Pero estas poblaciones eran mucho más chicas de lo que son ahora y los `extraños` llamaban la atención”, narra la entrevistada. “Hacían seguimientos a quienes integrábamos la Comisión. Por casa pasaban vehículos de la base (Zar) sin disimulo. O me seguían cuando salía de dar clase en el Colegio Nacional o el Comercial de Trelew. No disimulaban, porque su idea en un primer momento era asustar, acobardar, con la intención de quebrar la solidaridad que había nacido dentro del pueblo de Trelew”. El amedrentamiento se agravó y se convirtió en represión abierta “después de la fuga y posterior asesinato de 16 de los presos, que no otra cosa es la Masacre de Trelew”, dijo Encarnación.

“Revocaron a todos los apoderados (con derecho a visitar a los presos) y dos meses después (de la fuga) se llevaron detenidos a 16” integrantes de la Comisión de Solidaridad, el mismo númer que los asesinados el 22 de agosto. “La intención era hacer una represalia ejemplificadota”.

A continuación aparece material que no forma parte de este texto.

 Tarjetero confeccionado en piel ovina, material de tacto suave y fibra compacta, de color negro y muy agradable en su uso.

Ensañamiento con militantes y familiares


La persecución a militantes de Trelew, como a sobrevivientes y familiares de los fusilados el 22 de agosto de 1972, recrudeció con secuestros, torturas y asesinatos cometidos por los represores después del golpe de Estado del 24 de marzo de 1976.

Encarnación Díaz evoca estos crímenes de la última dictadura en las personas del militante comunista Elbio Angel Bel, quien fue apoderado de Roberto Santucho, uno de los seis jefes guerrilleros que en la fuga de 1972 consiguieron llegar en avión a Chile, y del abogado radical Mario Abel Amaya, defensor de presos políticos que, en esa condición, tuvo saliente actuación en los sucesos de ese año que derivaron en la Masacre de Trelew. “Bel era maestro, igual que yo. Tenía conocida pertenencia al Partido Comunista. Era un hombre joven, pensante y muy querido por el pueblo, porque en pueblos chicos, como era Trelew en esa época, donde nos conocíamos todos, no podían hacer un cuco de un comunista", recordó Encarnación en diálogo con Télam. Sobre la muerte de Amaya, sostuvo que “debemos considerarla un asesinato porque fue producto directo de las torturas que sufrió”.

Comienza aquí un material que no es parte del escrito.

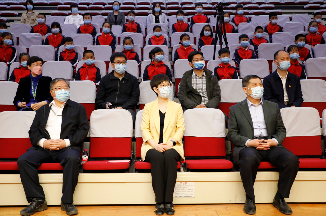 现场领导、嘉宾和孩子们:前排自左至右:故宫出版社社长章宏伟;密云区政府副区长马春秀;故宫博物院副院长闫宏斌

Referente político en Trelew y provincial e impulsor de la Comisión de Solidaridad a comienzos de los `70, Bel fue secuestrado el 5 de noviembre de 1976 -junto al hijo de ocho meses, después devuelto a su madre- y permanece desaparecido. A su vez, Amaya fue secuestrado en Trelew el 17 de agosto de 1976, atormentado en instalaciones represivas en la zona, luego en unidades militares próximas a la ciudad bonaerense de Bahía Blanca, junto a Hipólito Solari Yrigoyen, después “blanqueado” en el penal de Rawson y, durante los dos meses desde su captura, sometido a torturas que le causaron la muerte el 16 de octubre.